The counting density of the CMP distribution \(P_{\boldsymbol{\vartheta}}\) is given by

$$f_{\boldsymbol{\vartheta}}(x)=C(\boldsymbol{\vartheta})\frac{\lambda^{x}}{x!^{\nu}},\quad x\in{\mathbb{N}}_{0}=\{0,1,2,\dots\}$$
(1)

with normalizing constant

$$C(\boldsymbol{\vartheta})=\left(\sum_{k=0}^{\infty}\frac{\lambda^{k}}{k!^{\nu}}\right)^{-1}$$
(2)

for \(\boldsymbol{\vartheta}=(\lambda,\nu)\in\Theta\) with parameter set

$$\Theta=(0,\infty)^{2}\cup[(0,1)\times\{0\}].$$

Geometric distributions, Poisson distributions, and Bernoulli distributions are contained in the model and result by setting \(\nu=0\), 1, and by sending \(\nu\) to infinity. A CMP distribution has variance not smaller than its mean for \(\nu<1\) (overdispersion) and variance not larger than its mean for \(\nu>1\) (underdispersion); see, e.g., [13, Sect. 4.2; 10, Subsect. 2.3.1]. In case \(\nu=1\), i.e., for Poisson distributions, we have equality, of course.

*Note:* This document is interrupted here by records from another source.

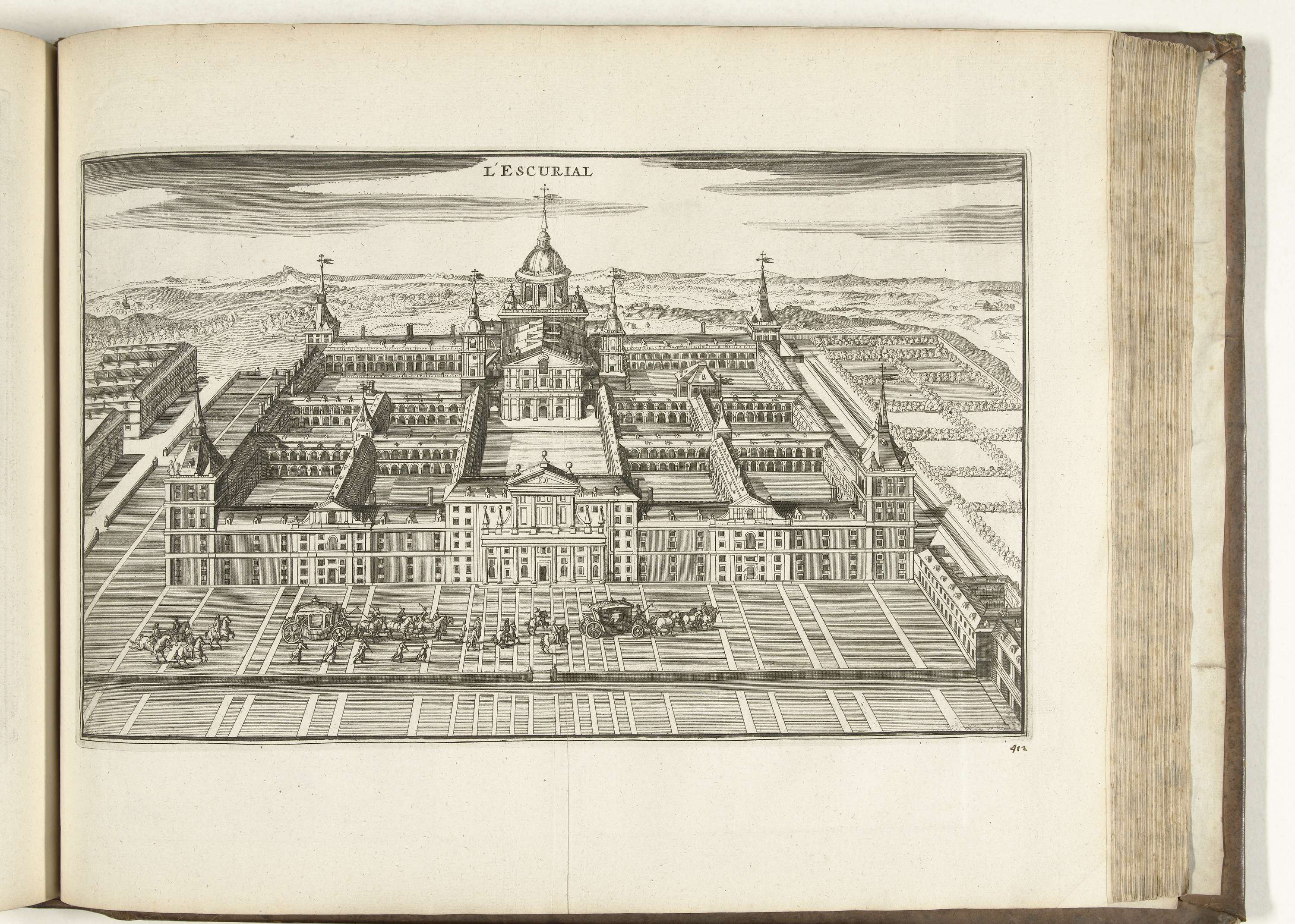 Gezicht op het Escorial. Plaat nr. 412 in deel XVII van het prentwerk: Les Forces de l'Europe, Asie, Afrique et Amerique ... Comme aussi les Cartes des Côtes de France et d'Espagne uit 1726, dit tweede deel met 271 met de hand genummerde platen van vermaarde sterke steden en vestingen in het kader van de ...
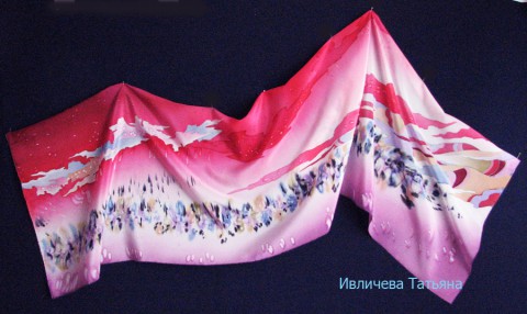 Яркий, оригинальный шарф. Подарок женщине.Подарок подруге. Шарфы в СПБ. Ручная роспись по натуральному шёлку. Авторская работа. Единственный экземпляр. Батик шарф прекрасный подарок женщине. Доставка по России. тел. 8 921 791 72 62
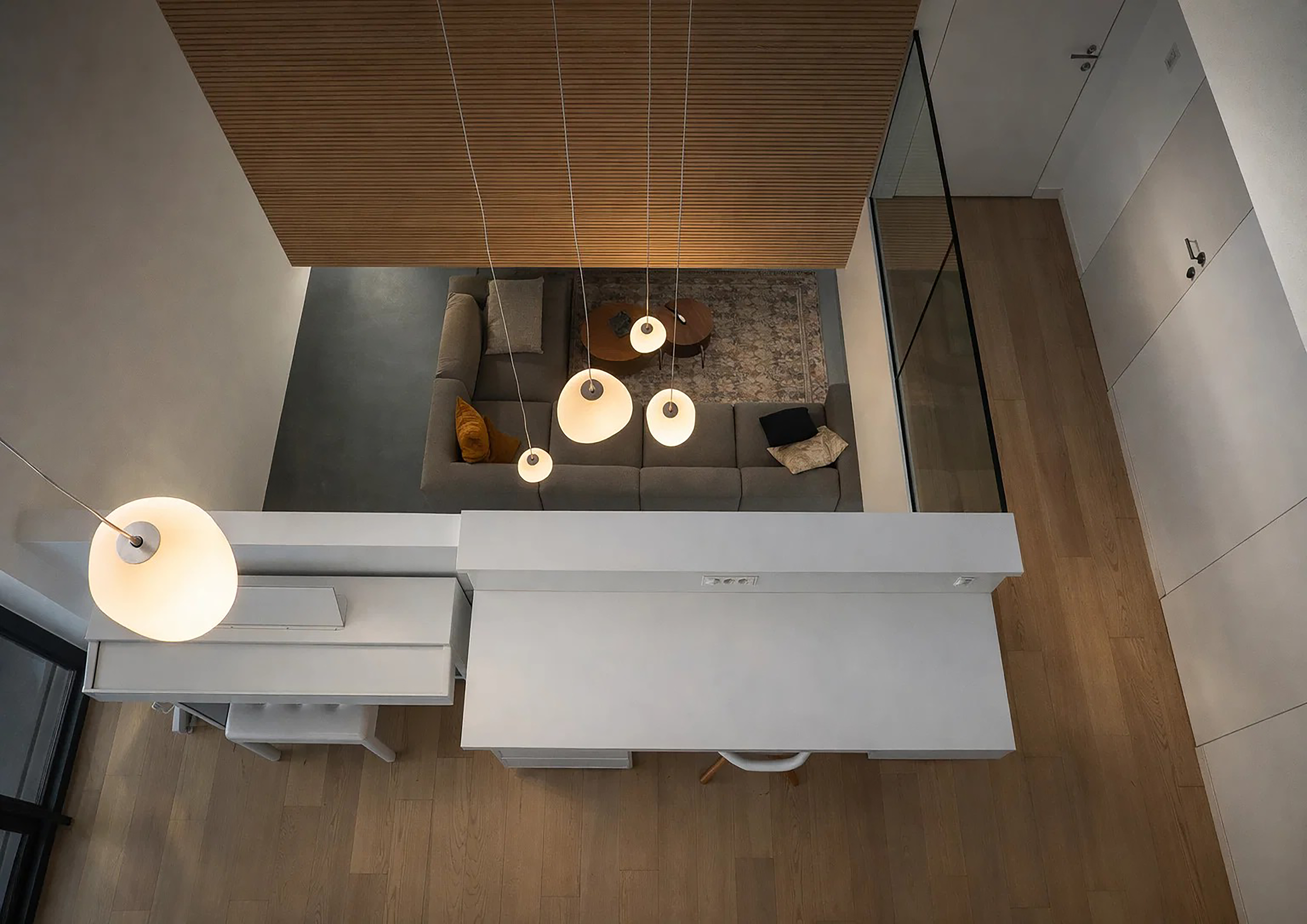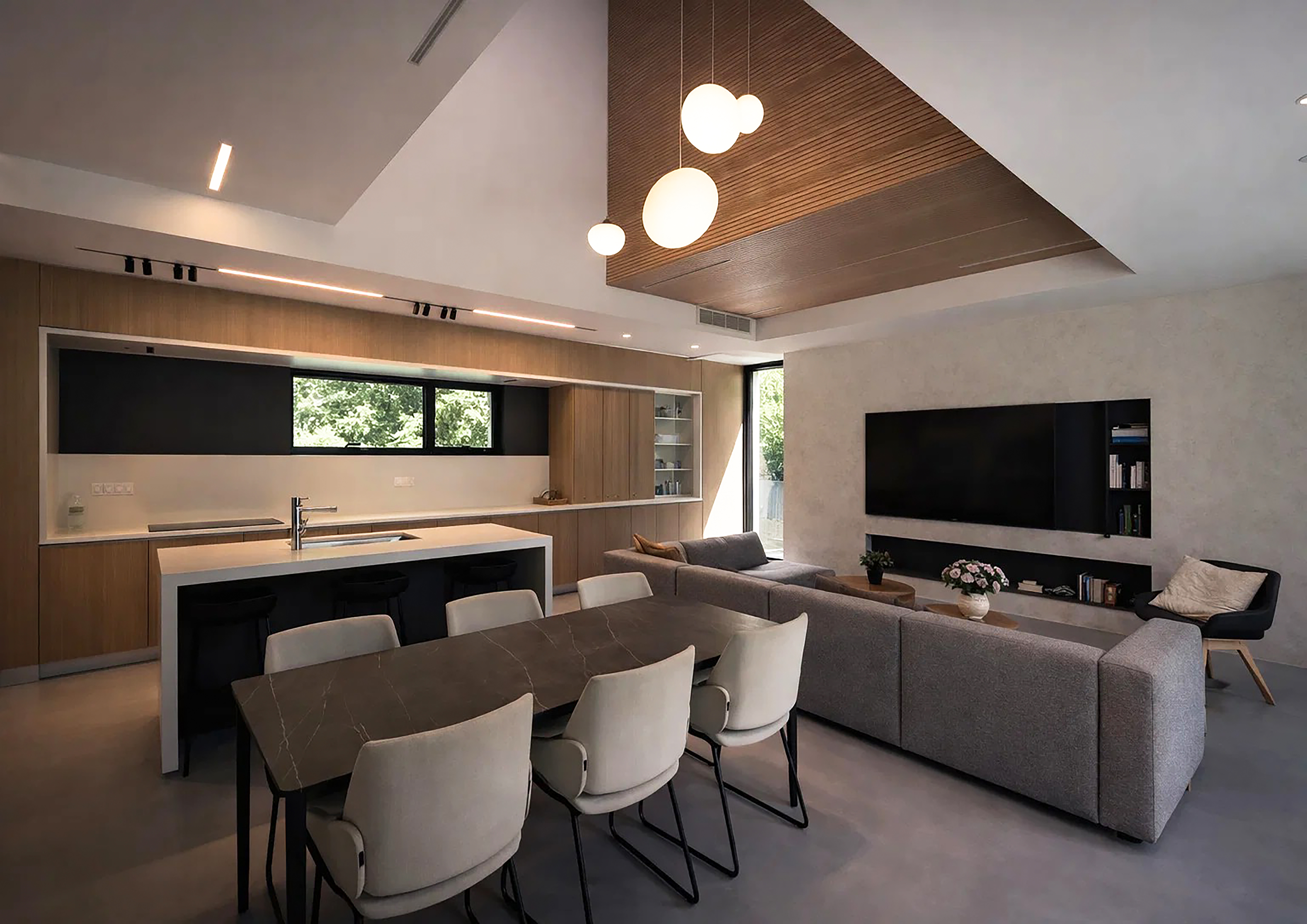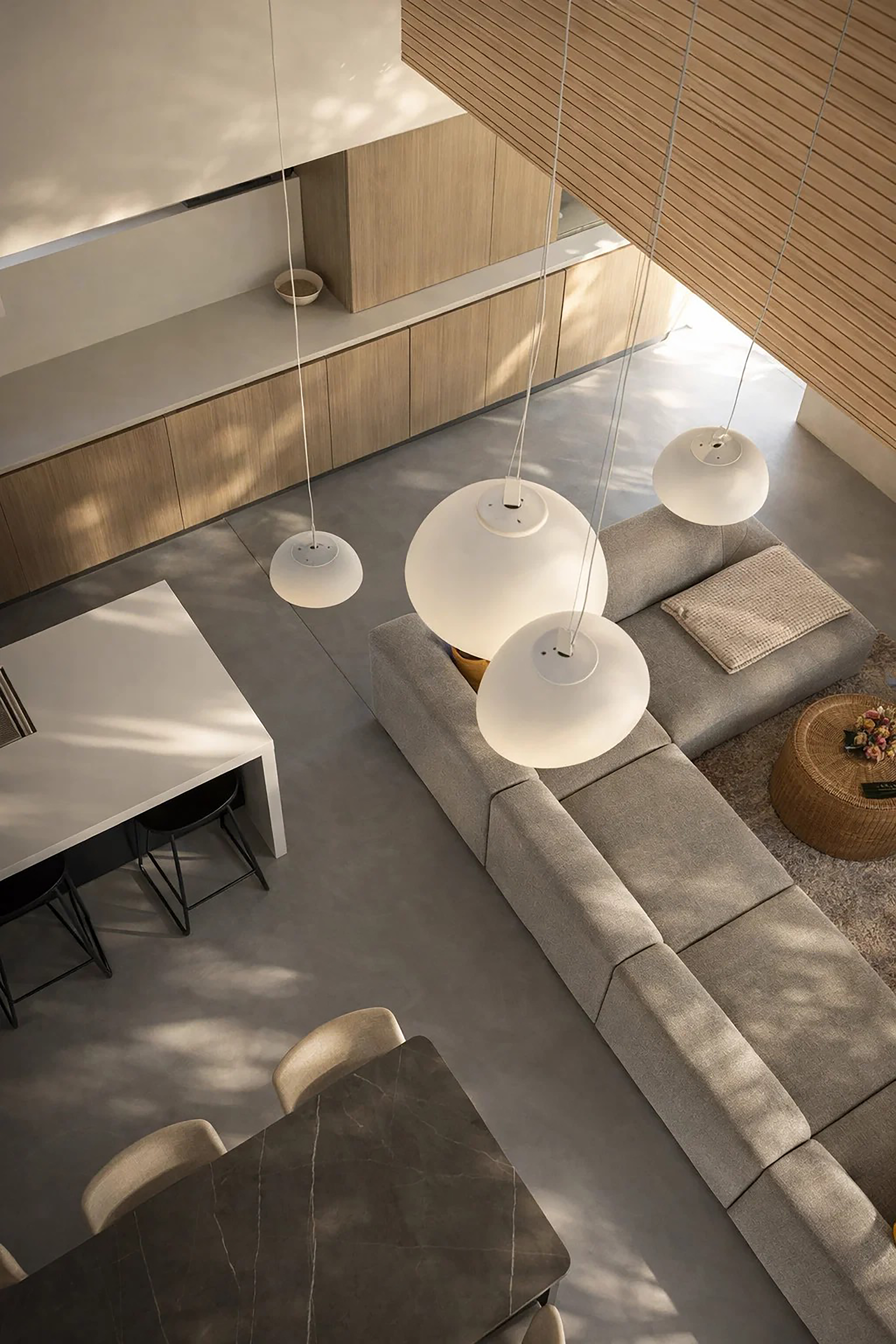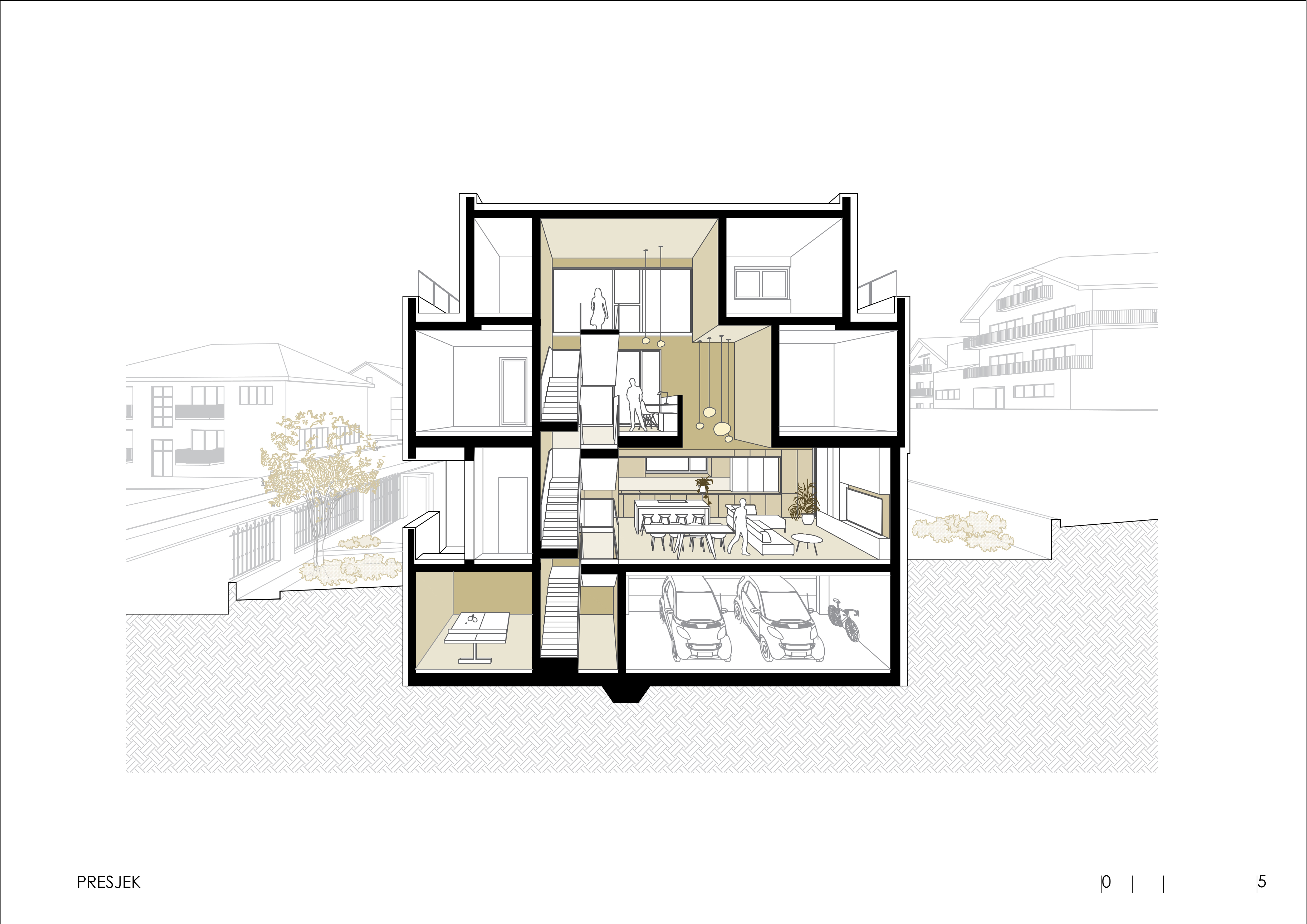 The fundamental design challenge lay in accommodating a home for a six member family within a volume constrained by regulations, balancing a generous shared living space, individual rooms for children, dedicated workspaces for the parents, and additional programmatic requirements. The tension between a compact footprint and a complex brief is resolved through vertical organization and the formation of a three level central living volume. The ground floor living room acts as the social core, while the staircase and galleries connect the levels into a continuous spatial dialogue. The basement accommodates utilitarian and social functions.
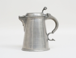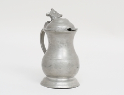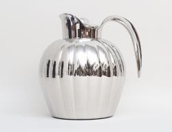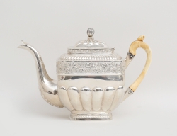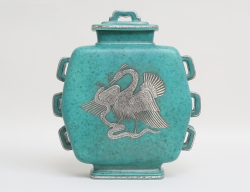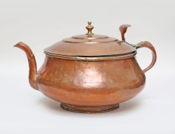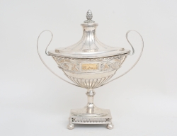 silver, Pehr Zethelius Stockholm 1796, gallerfot på kulfötter, liv med reliefdekor delvis förgylld, motiv av figur och hus, uppsvängda hänklar, lockknopp i form av pinjekotte, vikt 592 gram, höjd 24, bredd 21
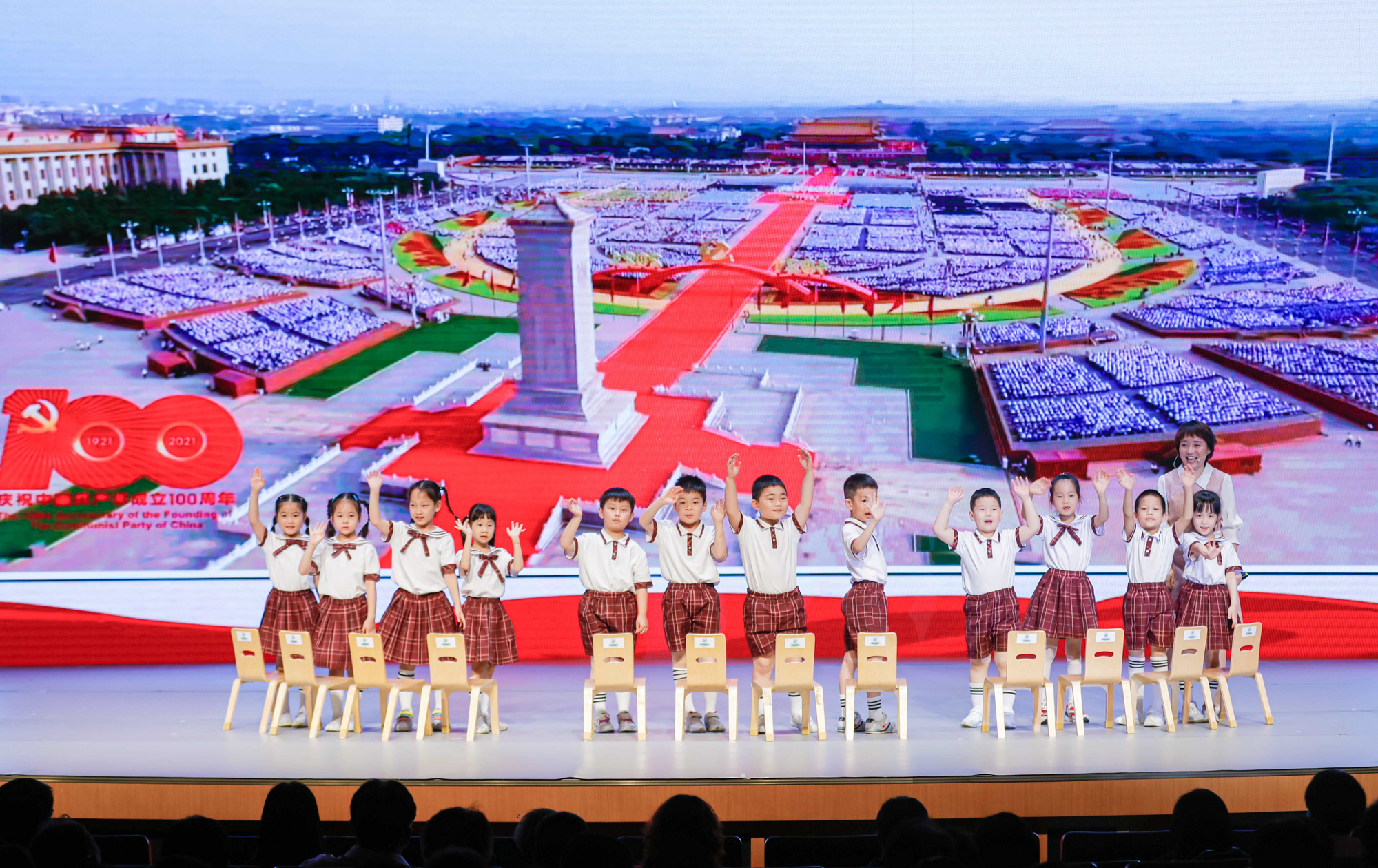 在教学观摩正式开始前,来自上海市荷花池幼儿园的李文娟老师,以寓教于乐的方式,带领幼儿园的小朋友在游戏中感知了不起的中国,了解中国共产党的伟大,把红色的种子种入孩子们幼小的心田。
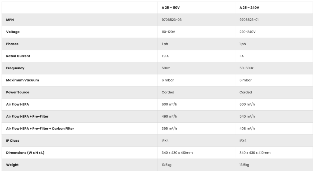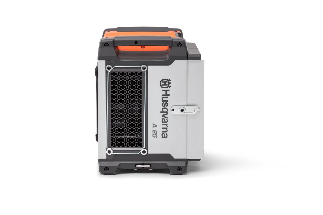 The smart and robust design of the Husqvarna A25 allows easy access for service and maintenance, as well as easy filter changes and decontamination thanks to its IP54 water-protected classification that enables it to be easily cleaned down using a hosepipe and water (with filters removed first before washing down)

In this article two characterization results are provided related to maximum likelihood (ML) estimation of the CMP parameter \(\boldsymbol{\vartheta}\). In a previous article by the authors, a sufficient condition for the non-existence of the ML estimate has been derived, namely that the range of observations is less than two; see [5]. Here, we point out that the condition is also necessary (Section 2). Moreover, in case of existence, a simple necessary and sufficient condition for the ML estimate to be a solution of the likelihood equation is derived (Section 3). If this condition is not met, the ML estimate lies on the boundary of \(\Theta\). Finally, a simulation study is performed to assess the accuracy of the ML estimator given the range of observations (Section 4).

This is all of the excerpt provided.